Art.6. In hetzelfde besluit wordt een artikel 53/1 ingevoegd, luidende:
  "Art. 53/1. De beslissingen bedoeld in de artikelen 18, § 2, en 20, § 4, van de wet van 11 februari 2013 houdende organisatie van het beroep van vastgoedmakelaar worden door de secretaris via e-mail bezorgd aan het Bureau of aan de door het Bureau aangeduide persoon.
  De beslissingen bedoeld in artikel 18, § 2, van die wet worden op dezelfde manier aan de rechtskundige assessor of aan de rechtskundige assessor generaal bezorgd.".

Art.7. In artikel 57 van hetzelfde besluit worden het tweede lid en het derde lid opgeheven.

Art.8. Artikel 62, § 2, van hetzelfde besluit wordt aangevuld met een lid, luidende:
  "Als de aanvraag ontvankelijk is, beslist de Kamer van Beroep, in functie van de omstandigheden eigen aan het geval, om al dan niet gevolg te geven aan de vraag tot eerherstel.".

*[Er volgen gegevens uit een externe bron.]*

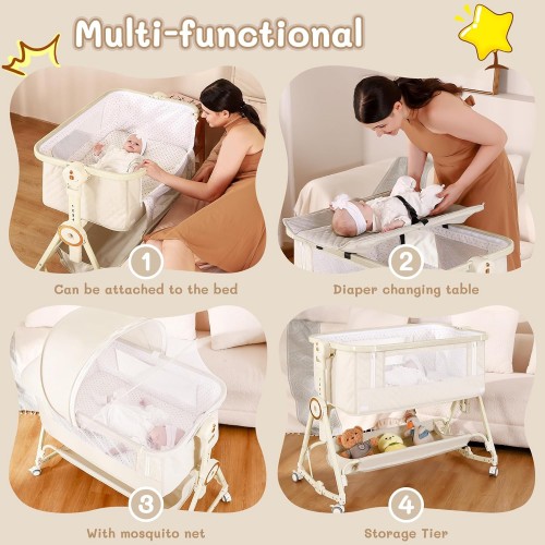 - HIGH STABILITY AND VERSATILE USAGE: Featuring A Sturdy Three-Legged Structure On Both Sides, This Bedside Bassinet Ensures High Stability. The Rocking Feature Can Be Easily Activated By Flipping The Wheels, While The Five Modes Including A Changing Station, Rocking Bassinet, And Sunshade Mosquito Net Provide Versatile Functionality To Cater To Your Baby’S Different Needs.

Art.9. In artikel 63 van hetzelfde besluit wordt paragraaf 3 vervangen als volgt:
  " § 3. De oudste voorzitter in jaren, of wanneer hij afwezig of verhinderd is zijn plaatsvervanger, neemt het voorzitterschap van de verenigde Kamers waar. Bij staking van stemmen beslist de stem van de voorzitter.".

Art. 10. De minister bevoegd voor Middenstand is belast met de uitvoering van dit besluit.